Researchers at WHV in collaboration with Waisman Biomanufacturing successfully completed manufacturing of DNA component of the PDPHV vaccine candidate.

PDPHV is WHV’s investigational vaccine, which is comprised of five DNA plasmids and four gp120 Env recombinant proteins and is being tested as a prime-boost regimen or co-administered in repeated doses, in healthy adult volunteers.

Previously, Waisman demonstrated that their proprietary plasmid manufacturing technology can be used to produce WHV’s DNA vaccine in higher yields and improved purity as compared to previous approaches. Over the past year, WHV worked with Waisman to produce all five plasmids, and now these plasmids were tested and mixed to generate the final product.
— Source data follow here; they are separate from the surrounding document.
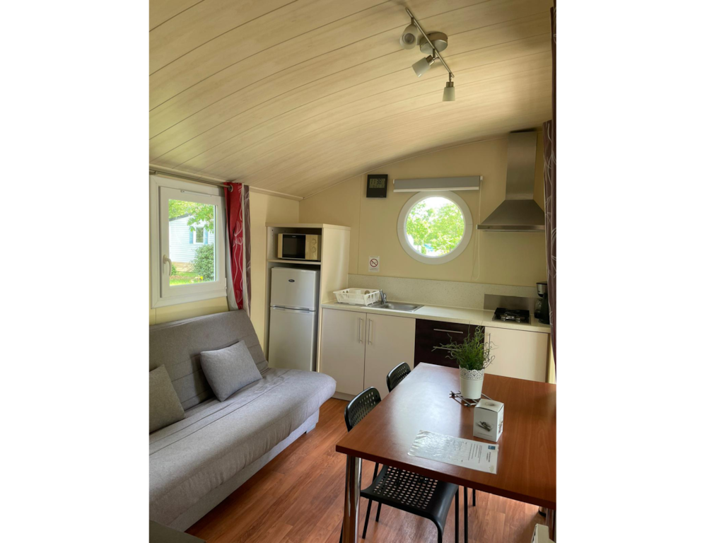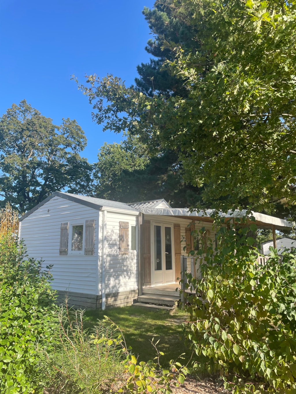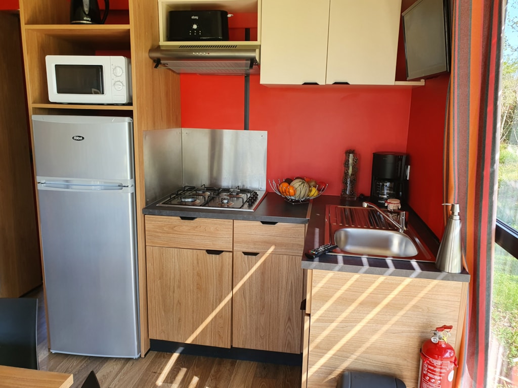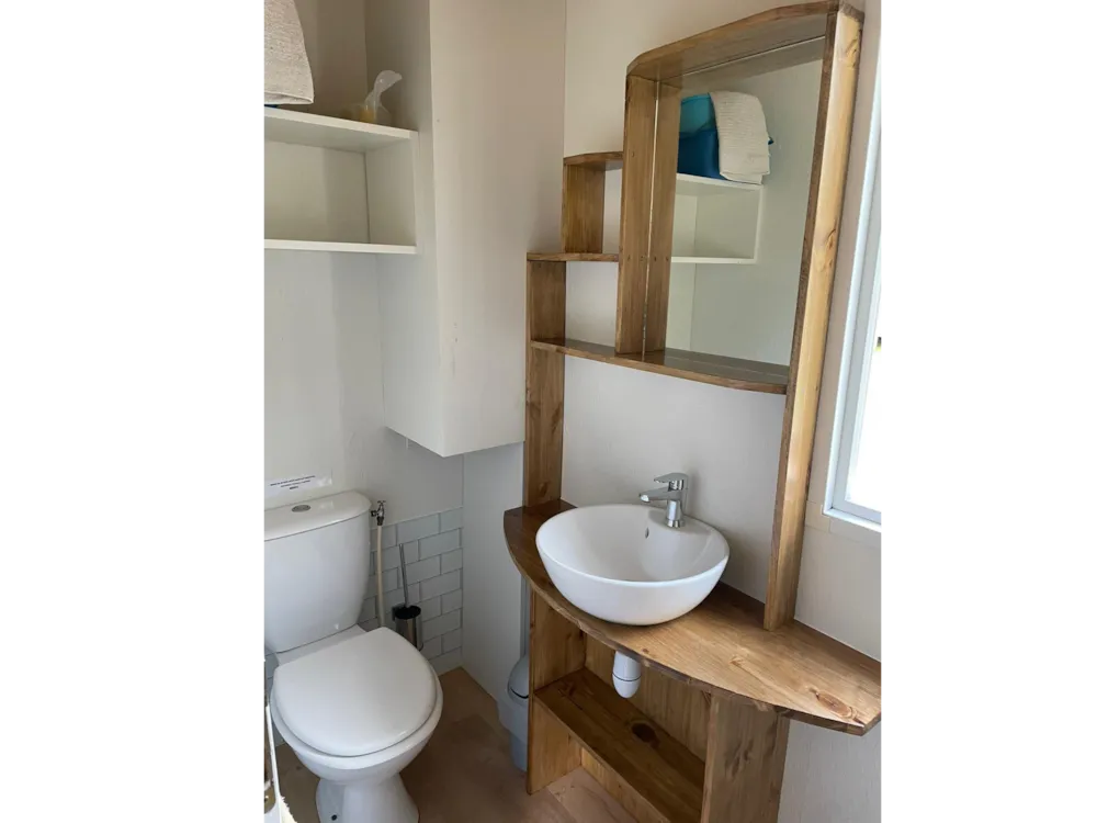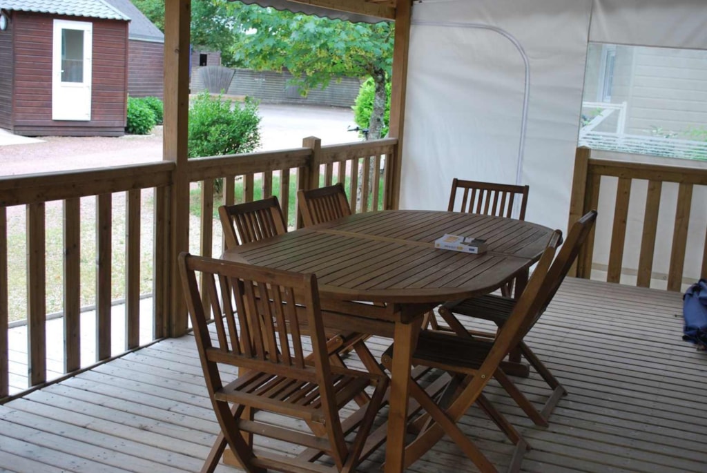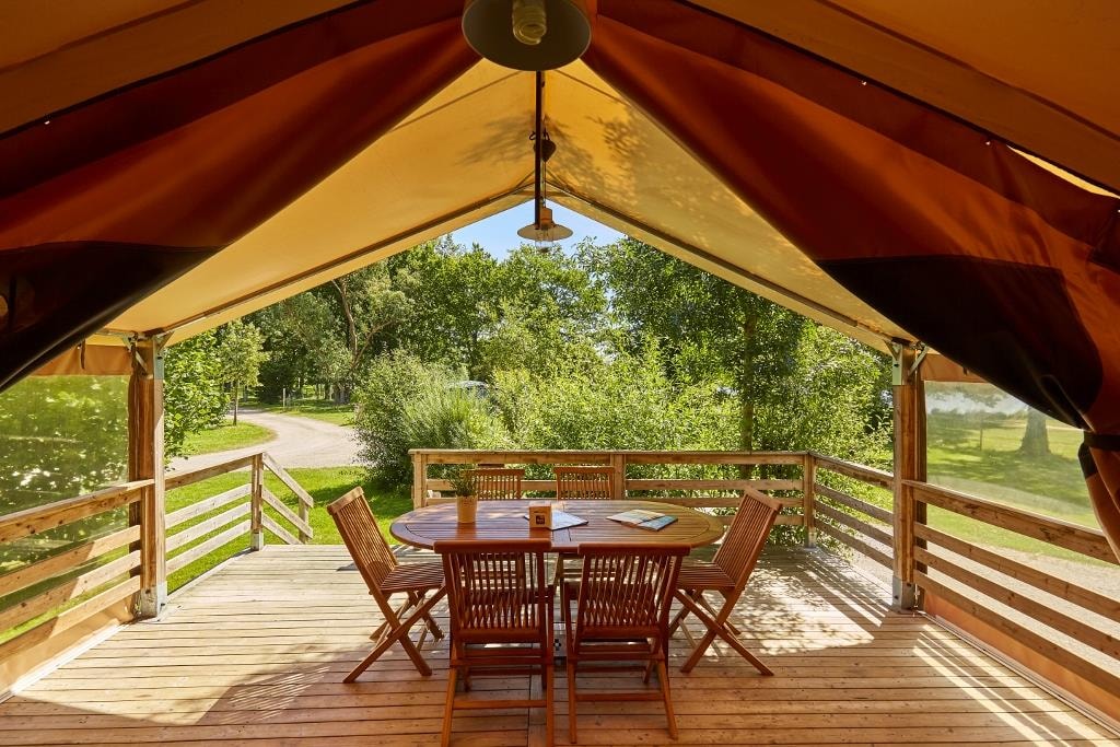 This very quiet rental is located in the campsite's new Premium CÔTÉ NATURE area, which is fully landscaped and secure, as this area is reserved for pedestrians. A parking space is available just a few dozen metres from your accommodation.
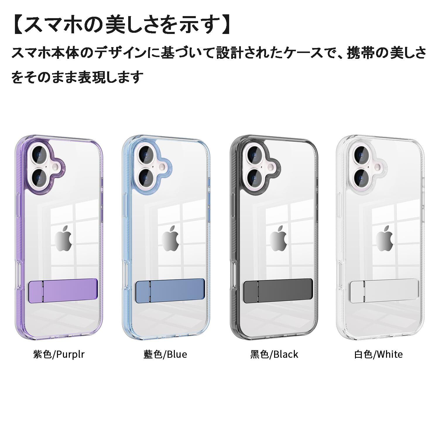 【極限透明感・機能スタンド】スマホケース 対応 iPhone16 クリア ケース スタンド機能 (メタルキック 3wayスタンドモード) 衝撃吸収 黄変防止/擦り傷防止 耐久性 薄型 軽量 スマホケース アイフォン16 対応 カバー (クリア)
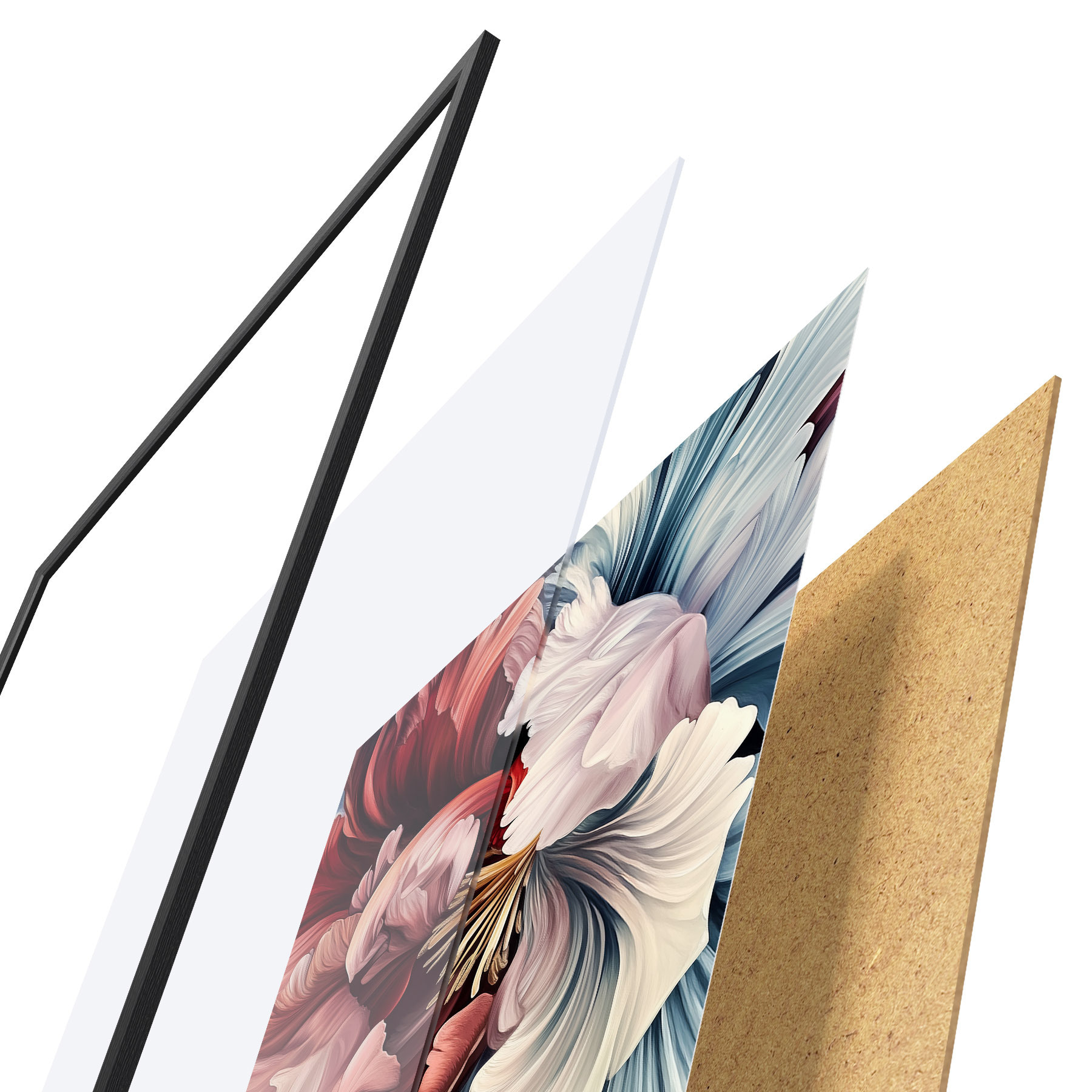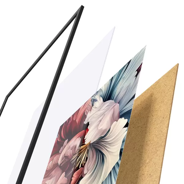 De poster bestaat uit een frame, plexiglas, geprinte afbeelding en spaanplaat achterkant. De poster kan meteen aan de muur worden gehangen dankzij de bevestigingen op de achterkant.
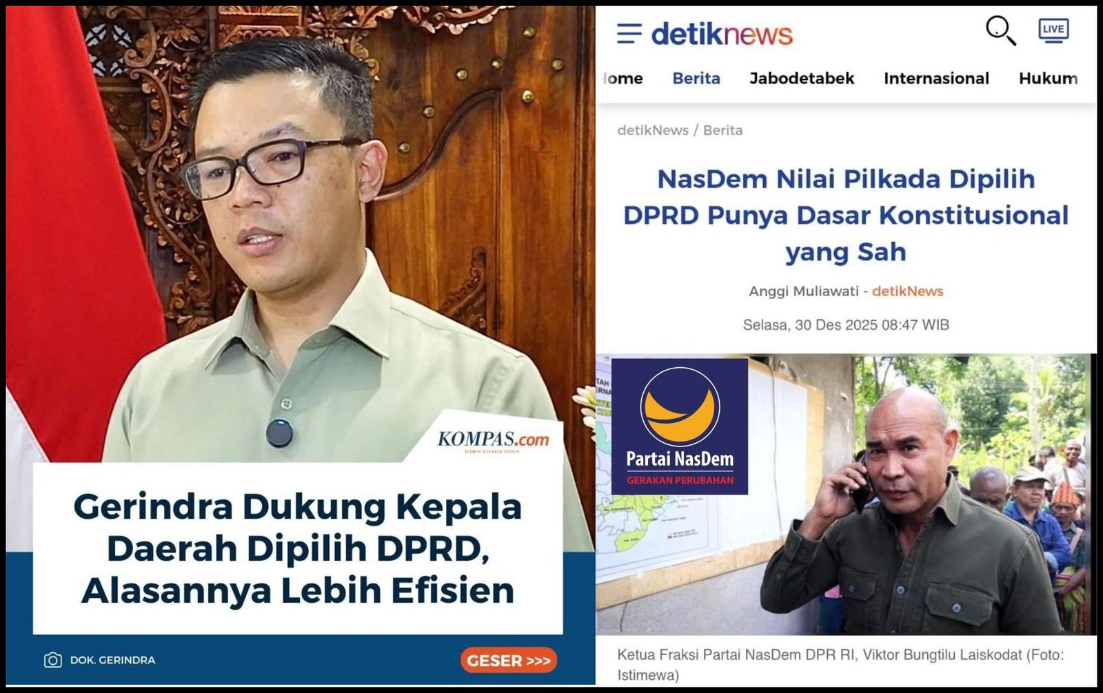 Digulirkan Golkar, diperjelas PKB, didorong PAN, didukung Gerindra, diperkuat NasDem: Pilkada lewat DPRD sepertinya akan lolos? Sudah didukung 5 partai atau 64% kursi DPR.

PDPHV is the first and only HIV vaccine candidate to use a multivalent approach with HIV Env proteins from the four major clades or strains of HIV.  The PDPHV vaccine is currently being tested by the HIV Vaccine Trials Network (HVTN) in a Phase I clinical trial HVTN 124. The completion of DNA manufacturing is an important step on the path to the next stage of clinical testing of the vaccine candidate.

Worcester HIV Vaccine (WHV) researchers interrogate HIV’s glycan shield

WHV researchers published new data providing detailed view of the glycan shield used by HIV-1 to protect its Envelope protein from human antibody responses. This information will be critical for characterizing recombinant Env proteins, which are important components of many HIV-1 vaccine formulations, including WHV’s PDPHV candidate.

Envelope glycoprotein (Env) of HIV-1 is an important target for the development of an HIV-1 vaccine. On the virus, Env is covered with a dense array of sugar-based glycans that comprise as much as half of its weight. These glycans form a shield protecting the virus from antibody responses, but at the same time they can serve as a target for highly potent broadly neutralizing antibodies. Thus, it is important to study recombinant Env proteins used in vaccines to characterize their glycosylation and to monitor whether it changes depending on the vaccine manufacturing process.

Working with researchers from the University of Georgia, WHV scientists compared glycosylation patterns of recombinant gp120 proteins from the four major clades of HIV (A, B, C, and AE), which was the first time in HIV vaccine research to include four Env proteins in such analysis. They compared proteins produced at small scale in laboratory conditions for research purposes to proteins produced in 50L bioreactors for clinical trials. They also tested proteins produced from two cells lines, as well as explored the lot-to-lot variability in proteins produced under identical conditions.

The researchers confirmed previous studies in the field showing high abundance of unusual oligomannose on Env proteins, with 40-50% of glycans having Man5-Man9 on all four proteins under all production conditions. Overall the differences in occupancy and glycan forms among Env from different subtypes produced under different conditions were less dramatic than anticipated and antigenicity analysis with a panel of six monoclonal antibodies showed that all four gp120s maintained their antibody-binding profiles, including antibodies that recognize glycan forms. Such findings have major implications for the production of licensed HIV vaccine including Env glycoprotein components.

The results were published as open access paper in the Journal of Virology “Glycan profiles of gp120 protein vaccines from four major HIV-1 subtypes produced from different host cell lines under non-GMP or GMP conditions”. WHV researchers will also present these results at the 2020 Keystone symposium on HIV Vaccines taking place in Keystone, CO on March 22-26.